» **Work task**
Repeat the data that follows exactly, starting at the line with "Infant So Gentle, Duet" and ending at the line with "Frieda, Paul und", and leave out every picture.

» **Data records**
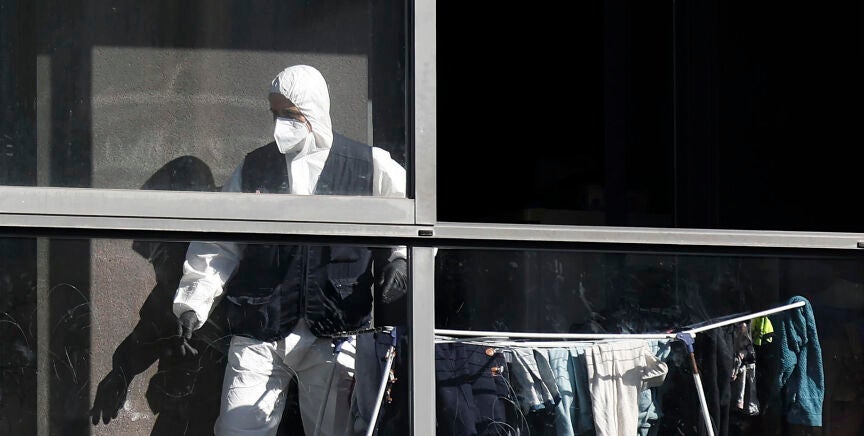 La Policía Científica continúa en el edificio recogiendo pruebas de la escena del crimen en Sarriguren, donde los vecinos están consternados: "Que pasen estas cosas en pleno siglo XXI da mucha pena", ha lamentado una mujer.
...
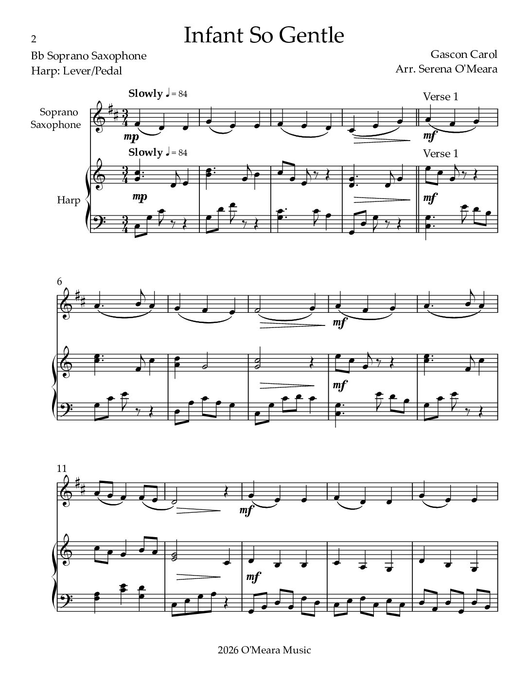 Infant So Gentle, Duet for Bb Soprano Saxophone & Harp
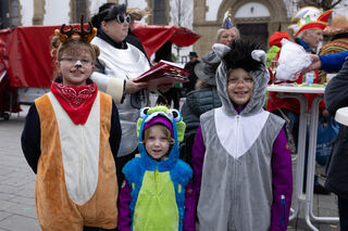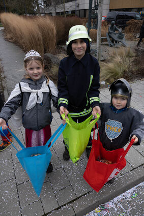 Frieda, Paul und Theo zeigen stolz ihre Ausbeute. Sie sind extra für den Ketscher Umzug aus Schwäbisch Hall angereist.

» **Exercise solution**
 Infant So Gentle, Duet for Bb Soprano Saxophone & Harp
 Frieda, Paul und Theo zeigen stolz ihre Ausbeute. Sie sind extra für den Ketscher Umzug aus Schwäbisch Hall angereist.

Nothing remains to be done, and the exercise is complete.